Cyera brings data security from the cloud to on-premises - Image by 3944009 from PixabayCyera is bringing its cloud-based data security to on-premises systems. It claims it will help customers discover data, classify, detect, and remediate data security and privacy issues. By doing so, it claims that it will increase customer understanding of their data, associated risks and how to protect it.

The announcement comes just a few weeks after Cyera announced a $300 million Series C funding round. That investment took the funds it has raised to over $460 million.

Yotam Segev, Co-Founder & CEO at Cyera (image credit - LinkedIn/Yotam Segev)
Yotam Segev, Co-Founder & CEO at Cyera

Yotam Segev, Cyera Co-Founder and CEO, said, “Complexity is the enemy of security. We have extended coverage to on-premises databases and file shares in a way that places minimal burden on security teams or the network. No new hardware, patching, or people are required.

“Customers enjoy rapid time to value because they can leverage the same Cyera data security engine used to cover hybrid cloud data. One solution covers all data everywhere. Our goal is to enable the secure and optimal use of the company’s data with minimal effort and friction.”

What is Cyera doing?

Despite the amount of data that organisations already store in some form of cloud environment, a significant amount of data remains on-premises. According to Synergy Research, 40% of global data storage capacity is in on-premises data centres.

Data is stored in these on-premises data centres for various reasons. Among the often cited reasons are data sovereignty, compliance, privacy, legacy applications, and intellectual property protection.

Cyera wants to make it easier for organisations to have a single tool to manage all their data. Rather than break from its cloud-native approach and deliver a separate solution that would require integration, it has written a lightweight connector that sits on customers’ servers.

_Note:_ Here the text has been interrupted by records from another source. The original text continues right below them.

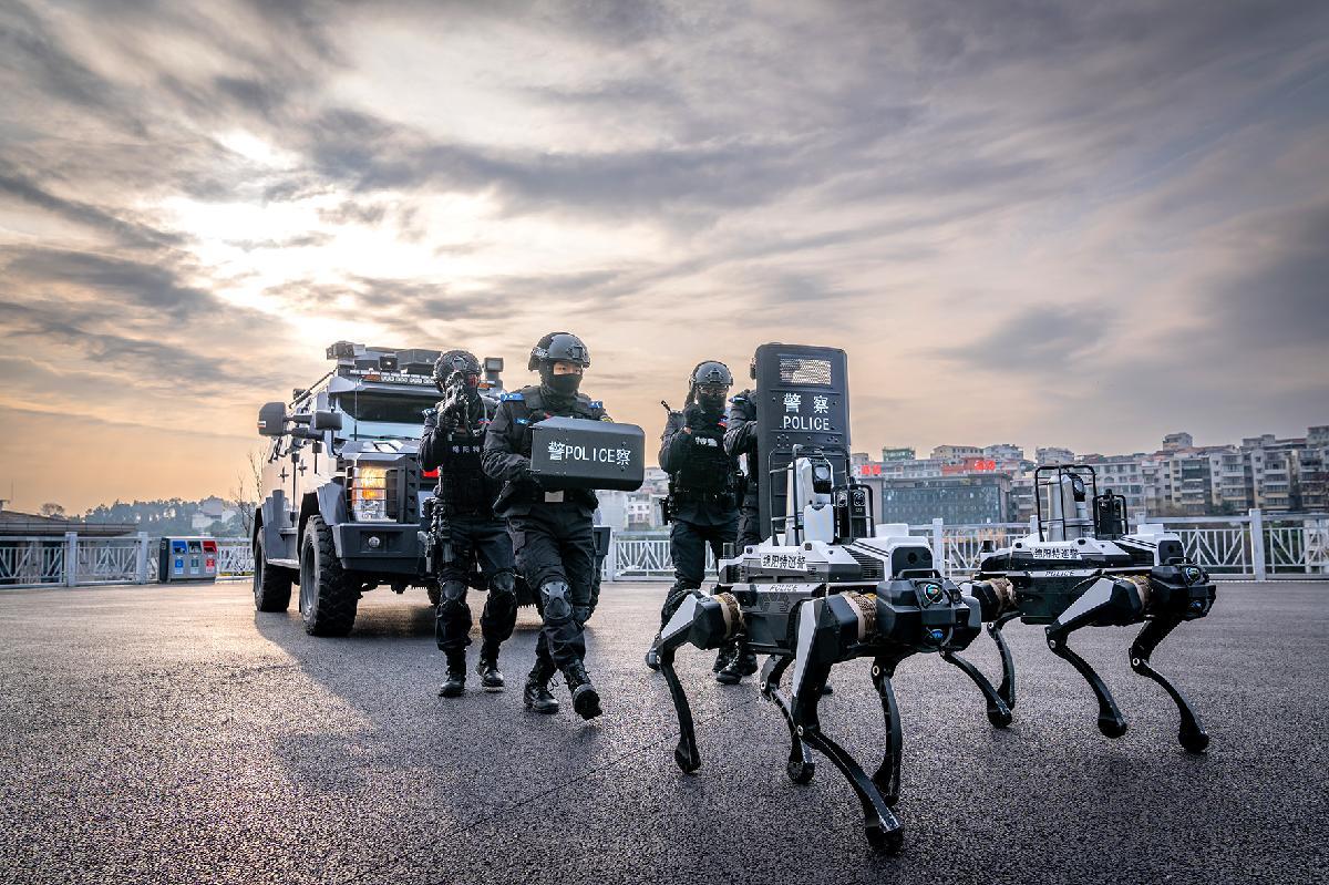 1月5日,四川省綿陽(yáng)市公安局特巡警支隊(duì)特警大隊(duì)以智能裝備賦能實(shí)戰(zhàn)練兵,開(kāi)展人機(jī)協(xié)同實(shí)戰(zhàn)化演練。
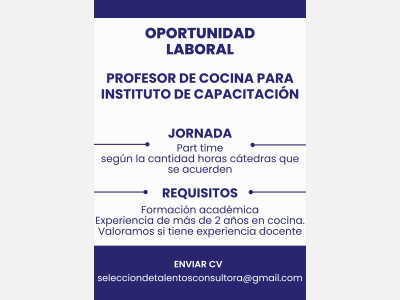 Estamos seleccionando PROFESOR DE COCINA para INSTITUTO DE GASTRONOMÍA PRIVADO. Solicitamos título habilitante y experiencia laboral comprobable. Se valorará experiencia docente. Se ofrecen 12 horas reloj (2 mañanas y 1 siesta). Buen ambiente laboral. Escribir al correo: [email protected]- EUDCACION
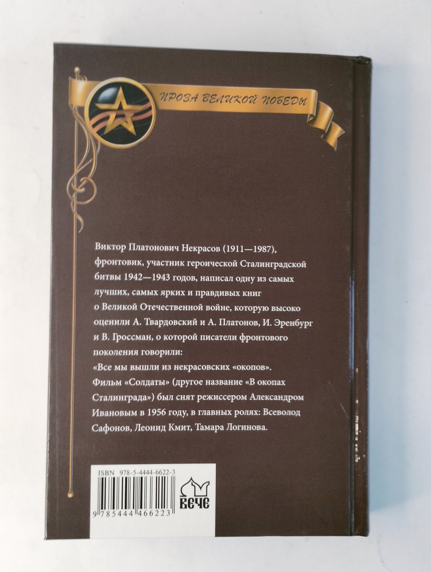 Виктор Платонович Некрасов (1911-1987), фронтовик, участник героической Сталинградской битвы 1942-1943 годов, написал одну из самых лучших, самых ярких и правдивых книг о Великой Отечественной войне, которую высоко оценили А. Твардовский и А. Платонов, И. Эренбург и В. Гроссман, о которой писатели фронтового поколения говорили: "Все мы вышли из некрасовских "окопов".
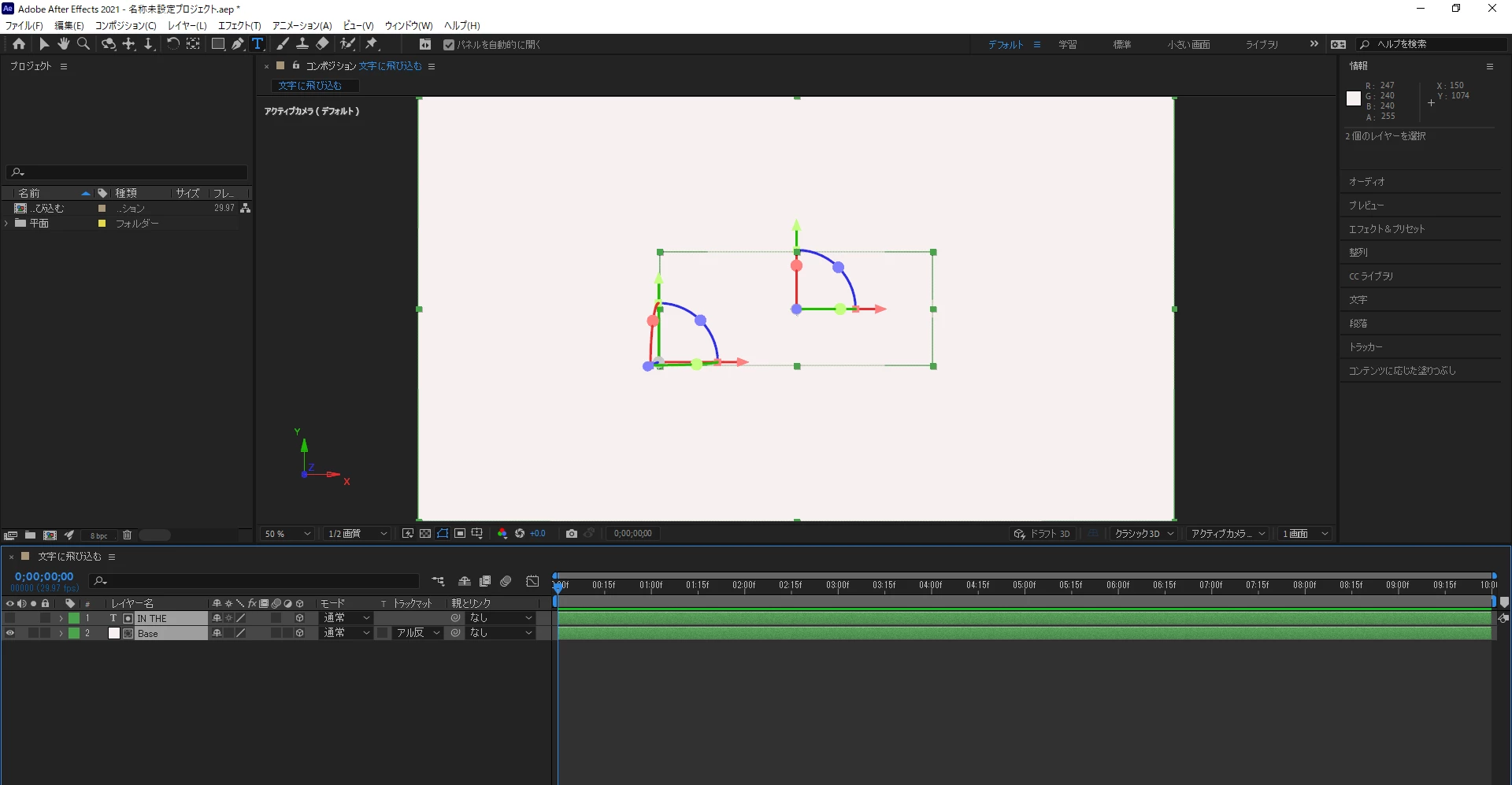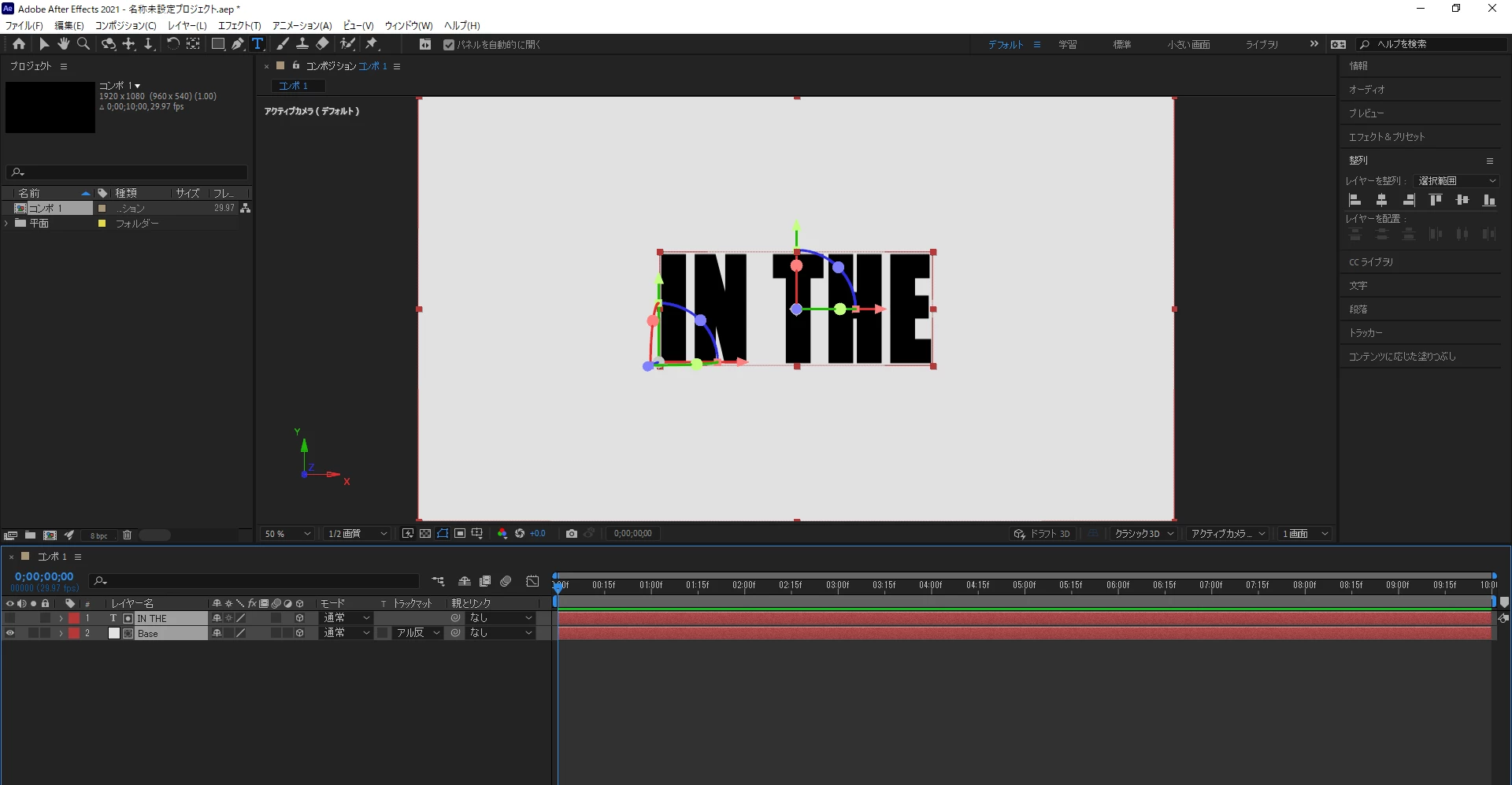 上記のチュートリアルをやっています。1:10くらいからのところで、3Dレイヤーをonにすると「IN THE」のテキストが見えなくなってしまいます。

Continuous scanning of customers’ data stores allows it to detect data, which is then classified using its ML-based classification tools. It also does context analysis of the data to discover who has access and where it is located and build a risk analysis. Importantly, Cyera mitigates risk by applying the correct security controls.

Enterprise Times: What does this mean?

Data sprawl is a serious issue. Without knowing where data is stored, it’s hard to secure and protect it. This means that organisations often struggle to fully meet their compliance obligations.

That doesn’t mean that IT is ignoring the issue. Its problem is the number of applications that store copies of data on different platforms. To deal with this, organisations have multiple tools to detect and identify data. The problem is that they all have their own UI, and not all are easy to integrate into a single solution.

Cyera believes that it can use its experience in detecting and securing data in the cloud to help solve the problem of on-premises data. By using a lightweight client, it integrates the on-premises environments into its existing solution, delivering a single user interface. That will reduce the learning curve for administrators and storage teams.

It will be interesting to see how many new customers Cyera wins. And what take-ups it has in its existing enterprise customer market. After all, the latter already know the tools from a cloud perspective, so they should be receptive to this move to protect on-premises data.